Action Girl: Real Life

  • Joan of Arc was a French peasant girl who heard the voice of God instructing her to expel the hated English from France. According to her own words (which nobody ever bothers to consult), she actually never killed anybody, though she did courageously lead armies into battle. Eventually she was betrayed and burned at the stake, but her legend lives on.
  • Artemisia of Caria was one of Xerxes' allies and chief commanders during the second Persian invasion of Greece. Herodotus speaks highly of her intelligence and decisiveness; if Xerxes had listened to her advice to avoid fighting at Salamis, he might have won the war. She fought at the Battle of Salamis herself, commanding five Persian ships against the Greeks; when her ship was nearly captured by the Greek navy, she turned and rammed one of her own fleet's ships, convincing them she was on their side so she could escape. Nevertheless, she was praised by Xerxes for her ruthless ingenuity.
    • The poetic quote from Xerxes: "My men have become women and my women have become men."
  • Female Soviet snipers achieved some of the highest individual kill counts of the Second World War; Lyudmila Pavlichenko is generally regarded as the deadliest, with 309 confirmed kills.
  • Two Soviet female fighter aces of World War 2: Lydia Litvyak and Katya Budanova. The whole of the 586th Fighter Regiment who were all female pilots.
    • The top-scoring female fighter pilot of the war was Olga Yamshchikova (17 kills), a former flight instructor.
    • Then there was the 46th Taman Guards Night Bomber Aviation Regiment, who made use of obsolete and generally pacific but nimble wooden biplanes Po-2 to fly under the veil of night and drop bombs. And since the carrying capacity of the planes was rather poor girls would leave the parachutes to take some more bombs aboard. Germans called them "night witches".
      • Not having parachutes wasn't really an issue. They were generally operating at too low an altitude to be able to use parachutes effectively. They also were almost immune to most types of air defense due to their low speed, almost entirely wooden aircraft, and tactics like shutting down their engines and gliding in on nearly silent attack runs.
  • Zenobia of Palmyra.
  • Fights between female gladiators was a standard gimmick in the games of ancient Rome, and female gladiators nearly always fought topless. Fanservice is older than we think...
  • Japanese has Onna-bugeisha, girls who embrace samurai tropes.

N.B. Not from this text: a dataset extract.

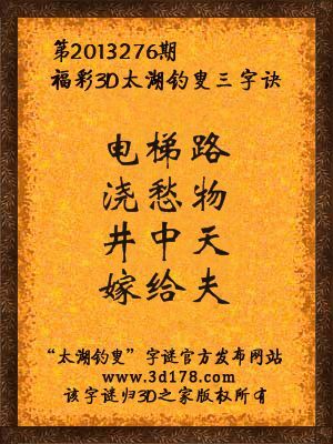 福彩3D第13276期太湖字谜:电梯路,浇愁物,井中天,嫁给夫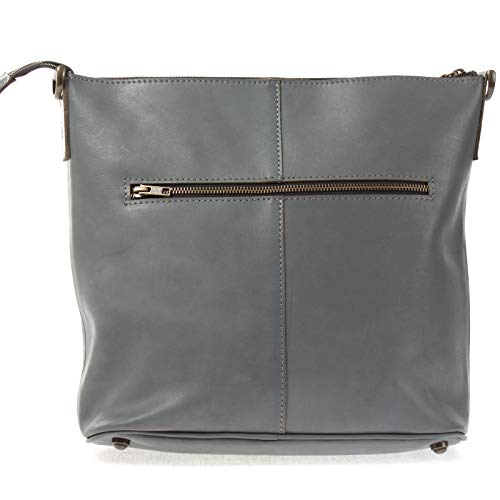 LECONI Borsa a tracolla da donna, borsa a tracolla per il tempo libero, da donna, con scomparto esterno, look vintage, semplice, moderna, in pelle, 36 x 32 x 10 cm, LE3067, Grigio/Blu - Vintage, Large

    • The Kunoichi, the general term for the other side of the spectrum, the female Ninja.
    • Tomoe Gozen.
    • Many Yamato Nadeshiko of samurai extraction were expected to at least know the basics of self defense in case their households were under attack when the samurai and guards were out in the war. The naginata was considered especially well-suited for women: its length allowed the Yamato Nadeshiko to keep attackers at bay easily then stab/slash them with the pointy tip.
      • As a bonus, whenever a girl of a samurai family left her home to work in the city, she was given a tanto dagger before her departure. She was expected to use it to commit seppuku (or better said, jigai) if her honor demanded it, or self-defense.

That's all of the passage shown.